But I am keeping to the last by way of plum the most striking testimony to the connection of this book with University life. I have said that among the precedents there is one for a letter to be written by a student to his father—a letter asking for money, an old, old form of “common assurance,” perhaps the oldest and the commonest. Once more I place it at the disposal of the studious but impecunious youth, premising that here and elsewhere the scribe of this Cambridge MS. has shown himself to be a careless workman.

Metuendo patri suo domino R. de B.—P. filius suus studens Oxonie pro salute famulatum in omnibus filialem. Precepit mihi vestra paternitas reverenda in discrecione mea ut statum meum et eventus mihi contingentes quam cicius possem vobis propallare.
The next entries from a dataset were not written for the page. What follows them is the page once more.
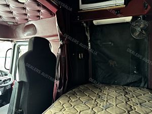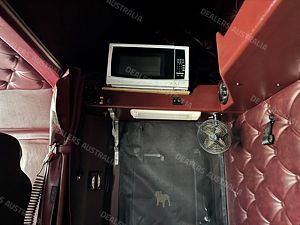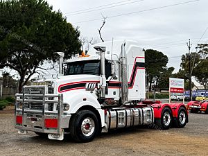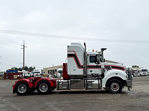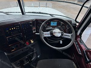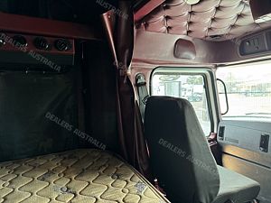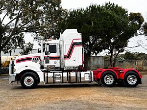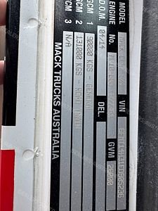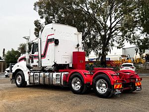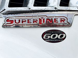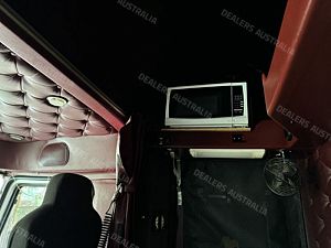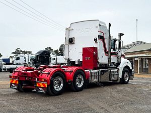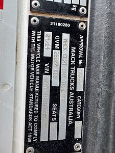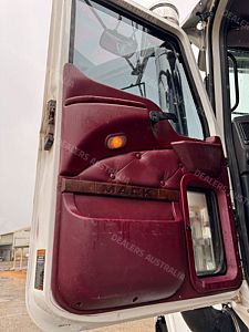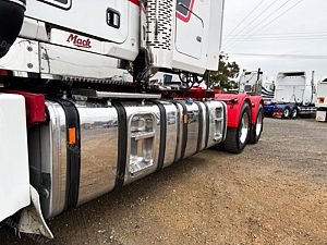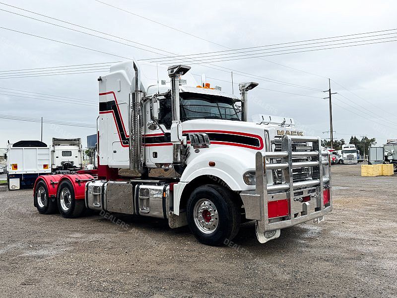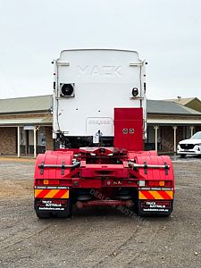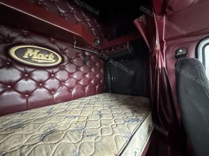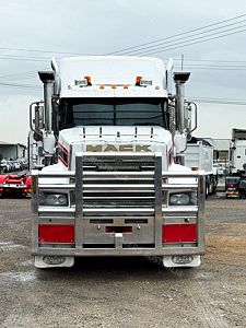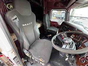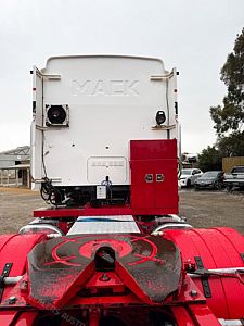 2014 Mack Superliner 6x4 Prime Mover, 600hp Mack MP10 Engine, ‘M’ Drive Automated Transmission, Dana 52/190D Rear Axles @ 3.91, Neway Airbag Suspension, Fixed Turntable, Toolboxes Behind Cab, Yard Dolly Pull at Rear with Air & Electrics, 10 Stud Alloy Rims with Super Singles to Steer, Polished Alloy Bullbar with Tow Pin and LED Light Bar, Dual Exhausts & Air Intakes, Mesh Stone Guard, Sun Visor, Square Tanks, Plastic Drive Guards, Radio / CD, Microwave, Wood Grain Impersonator Dash, Maroon Diamond Stud Trim, Air Ride Drivers Seat.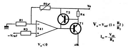 Una etapa transistorizada posibilita la obtención de una referencia de tensión con alta capacidad de corriente. T2 puede ser un NPN de uso general y T2 de potencia. R2 ajusta la tensión.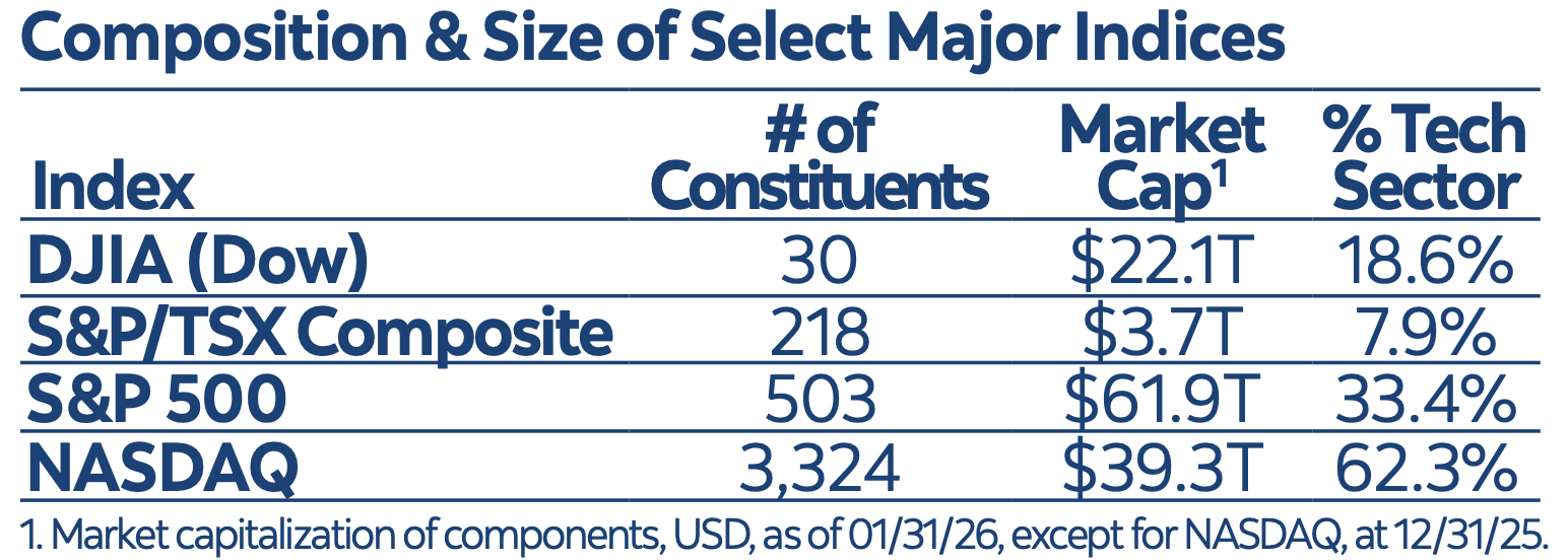 What distinguishes the Dow is its “price-weighted” methodology. The index is calculated by adding component share prices and dividing them by a divisor that accounts for stock splits or other structural changes. By contrast, indices such as the S&P/ TSX Composite, S&P 500 and NASDAQ are weighted based on share of total market capitalization (share price multiplied by outstanding shares).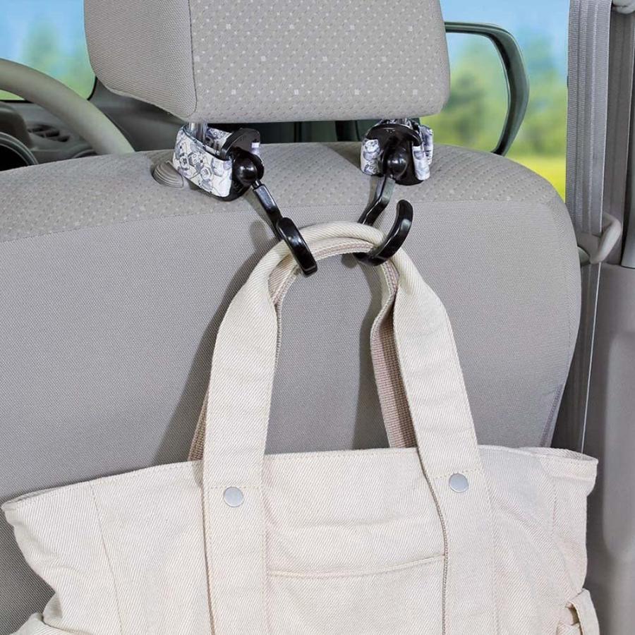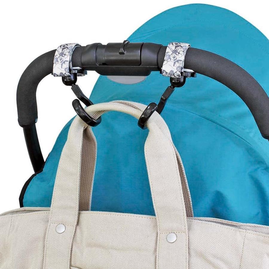 ●ベビーカーのハンドルの角度にフィットし、フックを常に下向きでご使用いただけます。またフックは360°回転するので、いろいろなものをかけやすく便利です。ベビーカーはもちろん、お車でも便利なフックです。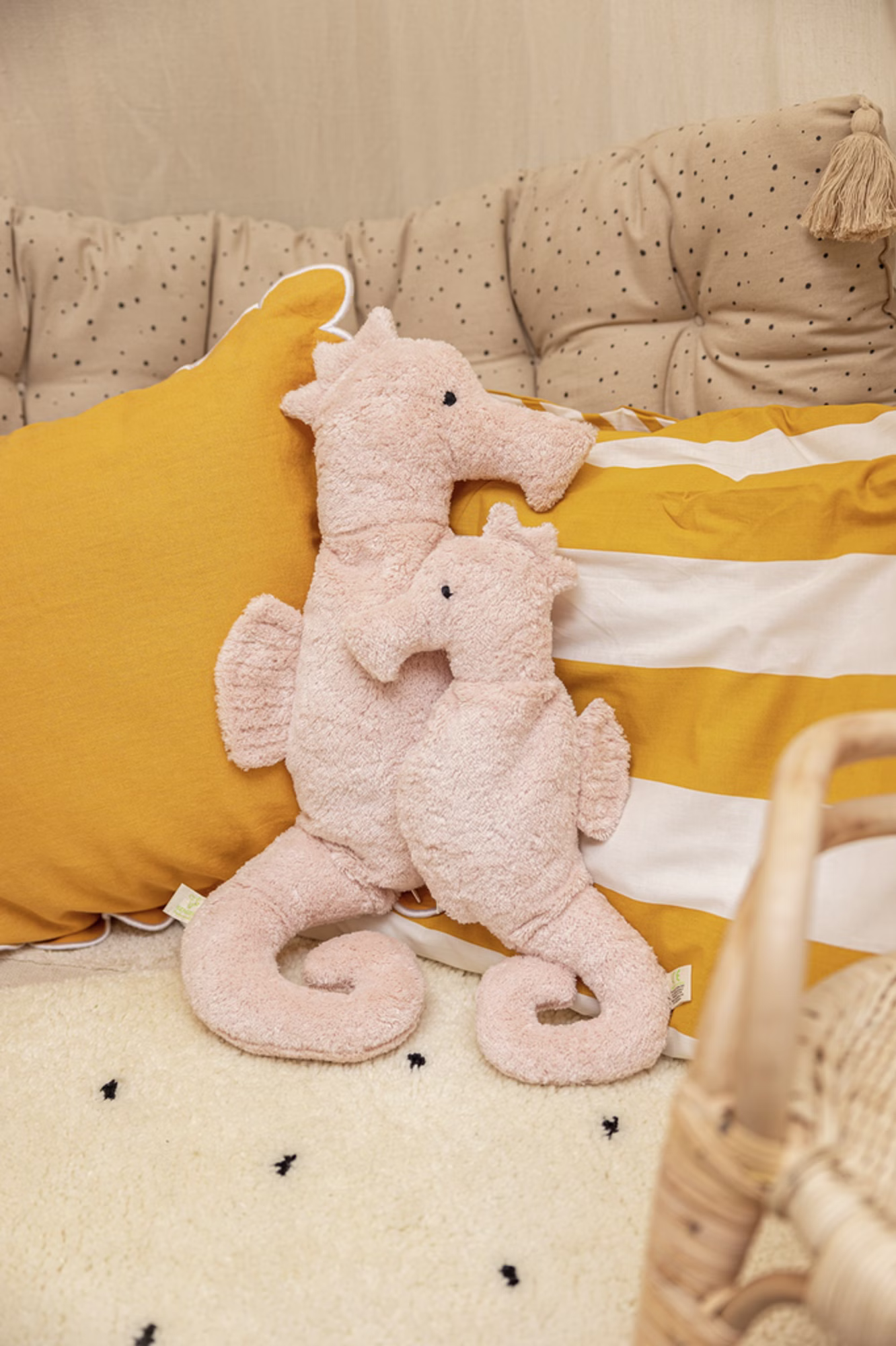 Das große Kuscheltiere Seepferdchen ist ein ganz besonderes handgefertigtes ökologisches Spielzeug.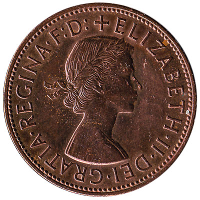 - Text: DEI GRATIA REGINA F D, Elizabeth II, One Penny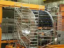 The German national laboratory DESY was founded in 1959 and started operating its first particle accelerator in 1964. Since then, it has been a highly regarded center for particle physics, photon science, astroparticle physics, and the development, construction and operation of particle accelerators. The design effort for ZEUS can be traced back to 1982.[4] A Letter of Intent was submitted in 1985.[5] The ZEUS detector was operational with the first collisions of the HERA collider in 1992. The last electron–proton collisions at ZEUS were recorded on 30 June 2007.[6] The other multi-purpose experiment at the HERA collider was the competing H1 experiment. Since May 2012, the former ZEUS detector hall has been used as a lab space for the international European XFEL project.[7]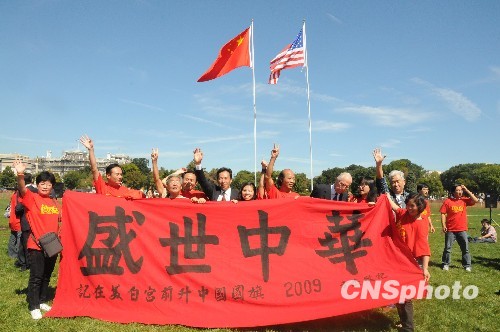 九月二十日,上千名旅居美国的华人华侨在美国首都华盛顿美国总统府南面外侧的公共草坪上举行盛大的庆祝活动,同时举行隆重的升中美两国国旗仪式,这也是中国国旗第一次由民间组织在白宫前方的公共草坪上升起。图为升旗仪式后,中国驻美大使周文重与当地华人华侨一同展示一面从天安门国旗护卫队拿过来的巨大五星红旗。中新社发 吴庆才 摄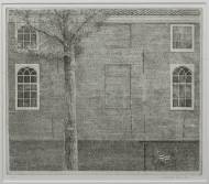 Charles Donker (1940), gebouw met boom, ets 1/150, r.o. gesigneerd, 23 × 28 cm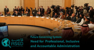 - The second point is that an inclusive government must be formed, meaning that including women, different ethnic, religions and social groups should be involved and participate in the decision making of the state agencies, and that fair distribution of resources to all citizens should be guaranteed. The nature of government, timelines for formation of the government and the right of the people to participate in the political process, are important factors to determine the future of Afghanistan and to turn the dynamics of rivalry from war into a political struggle that will result in stability and prosperity. Unfortunately, in the modern history of Afghanistan, party-centric governments have been the main cause of conflict, as political power has been used for personal and partisan privileges; the reason due to which many individuals and parties are fighting at all costs to gain political power and stay in power.[7]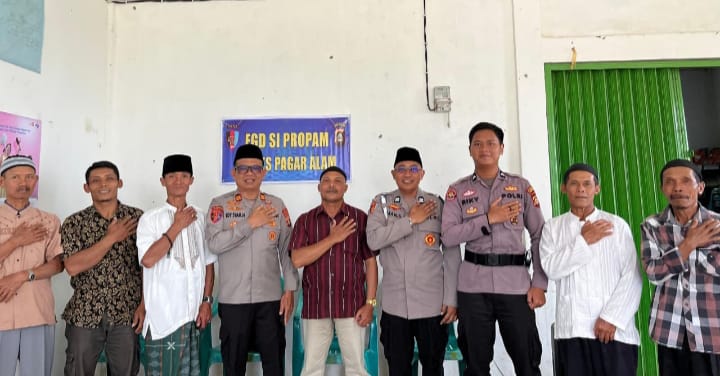 Publikasi Nusantara com,-Pagaralam Senin, 22 September 2025, Polres Pagaralam melalui Unit Propam menggelar Forum Group Discussion (FGD) yang dipimpin oleh Kasi Propam AKP Edy Syamputra bersama Kanit Provost Aiptu Iman Setiawan, SE. Kegiatan ini dihadiri oleh ketua RW, RT, tokoh agama, serta tokoh masyarakat sebagai bentuk silaturahmi dan komunikasi bersama.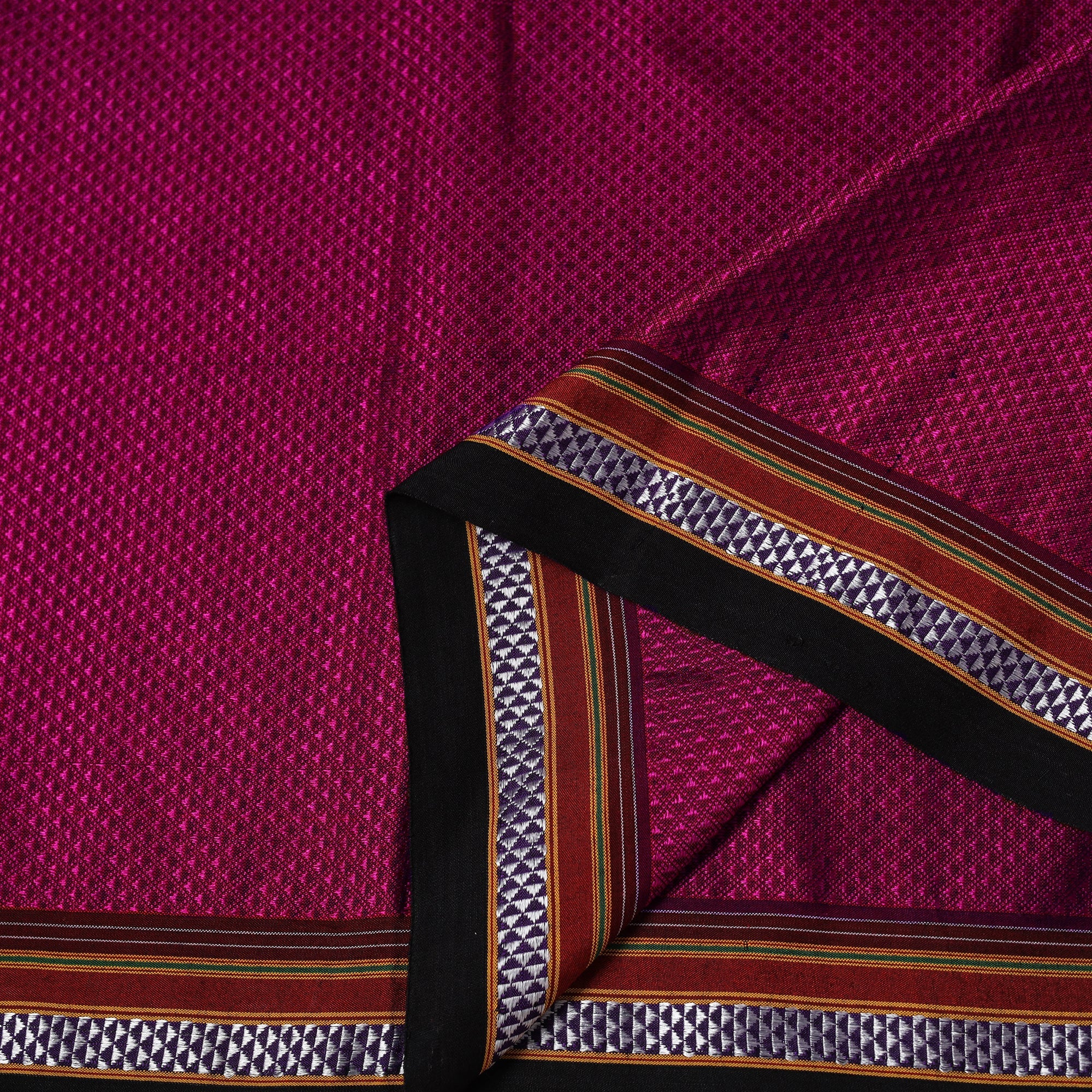 Khun is woven exclusively on a loom in Guledagudd, Bagalkot region, Karnataka. Used only for sari blouses, this handmade fabric is easily recognizable by its small white intricate motif and distinctive reddish-purple border.

Quare vestre paternitati tremende post deum unico refugio, singulari me[e] miserie fulcimento parens, breviter ad presens significo me in optimo statu tam sanitatis anime quam corporis existere quod de vobis et karissima genitrice mea et domina, sororibus et aliis amicis meis plus corporeis oculis intueri quam audire desidero. Cum autem honestum sit studentis propositum, et artes liberales ejus intencio intendat adipissi [sic], pro hoc a patre largius meretur subveniri, unde paternitatem vestram, de qua non modicam reporto fiduciam, dignum duxi deprecandam1 et ea qua possum devocione attencius supplicandam quatinus mihi vestro indigenti, numismate carenti [Angl. in want of coin,] studium exercenti, nihil quid2 temporale lucranti, consilio et auxilio destituto, nisi vestra mihi solita cicius suspiraverit benivolencia ad erudicionis mee sustentacionem, quod3 sederit vestro beneplacito4 conferre dignemini, in presenti facto taliter provisuri ne pro tali defectu scolas relinquere, tempus amittere, domumque redire compellar. Vivite, gaudete semper sine fine, valete.

[1]Law Quarterly Review, January, 1891.

[1]pro pecunia pat’a (MS.).

[2]destinatorum (MS.).

[1]Richard of Gravesend was consecrated Bishop of Lincoln in 1258.

[1]Monasticon, IV. 346.

[2]Bract. f. 18 b; 49; 412 b.

[1]deprecandum (MS.).

[2]nil q (MS.).

[3]The usual abbreviation of quod.

[4]beneplacita (MS.).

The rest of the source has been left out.